Post by _Kevin Graham »

Very informative stuff Gad, thanks for posting. Of course we can't exactly expect Droopy to be consistent in any of his view, whether political or religious. This thread has raised an issue I think is fascinating though. Droopy rejects math and scientific evidence to support his economic theories, so what does he rely upon to support them? Blind faith, or warm fuzzy feelings I suppose, just as he uses to justify his devotion to Mormonism, despite the scientific evidence proving it false.

It probably isn't a coincidence that he rarely ever engages in actual debate of the issues. His posts generally reiterate the same theme, attacking anyone who disagrees with his assertions - no matter how authoritative their sources are - with long winded fluff that never really gets to the point. On the other hand, he has his own personal economic priests whose credibility should never be questioned simply because they're not "leftists." He has no problems dismissing world authorities in economics, but then turns around to exalt these blogging hacks who are hired by Right Wing think tanks. They are essentially paid write opinion pieces to support the views of those funding them. Take for instance his constant use of the Heritage foundation, which is funded by numerous corporations, (including the Tobacco/Oil Industry) who benefit from their constant hit pieces against proposed legislation they feel could hinder their profits.

The Atlantic reminds us that the Center for Data Analysis -- the Heritage Foundation -- has laid down a pretty rocky path in matters of economic predictions. It tends to err on the side of generosity to people like the Koch Brothers. Who, with Exxon Mobil and Phillip Morris, are generous fundersof the Heritage Foundation.

If you want to win in Washington, you want to be part of the great circle forming economic government policy -- like the Heritage Foundation. The Republicans like "predictability"? They've found it! They've found they can buy predictability!


Or his recent use of James Pethokoukis, a man whose credibility has been shot out of the water time, and time again. But since he is revered in Droopy's little echo chamber, that's all he needs. Very much the same way John Gee is revered among a small group of blind apologists who have shielded their minds from all outside opinion because they deem it "anti-Mormon." Droopy does the same thing with political opinions by demonizing everything else as "Leftist" without bother to explain or make an argument how that in any way makes these opinions wrong.

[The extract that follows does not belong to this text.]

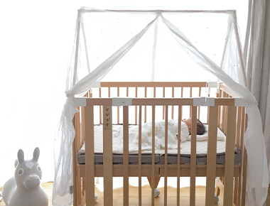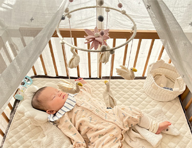 キャスターもスムーズなので、ご飯の支度の時はキッチンに移動させたりもしています。キャノピーは光を和らげてくれたり、埃などからも守ってくれるので、安心感があります。
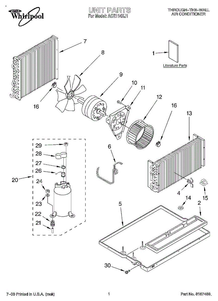 Parts for Whirlpool ACE114XJ1: 01 - Unit Parts

And like apologists, Droopy's blind faith in his quasi-Austrian economic ideology is grounded in repeated exercises in dishonesty. Just look at the way he supposedly cites me in his signature when he knows perfectly that statement didn't originate with me. He never addressed the evidence presented in those threads, just like he is ignoring everything Krugman said in this opening post. The evidence around the world strongly supports the position that the austerity fanatics on the Right have been getting it wrong. Droopy can't deal with that, so he just ignores the data and continues on with his long-winded rants that do nothing but attack the messengers.

In any event, it would be nice if he had the intellectual fortitude to actually deal with these refutations instead of just pretending he is so far advanced that he can't be bothered. If this were true, then why is he here at all? This thread was made for the purpose of refuting a popular Droopy assertion about the correlation between austerity and economic activity. It also refutes the repeated nonsense that tries to equate all recessions as if they were never to be measured in degree. Comparing the Carter recession with the Bush recession is nothing short of dishonest, but then Droopy never had a problem using dishonesty to drive his agendas.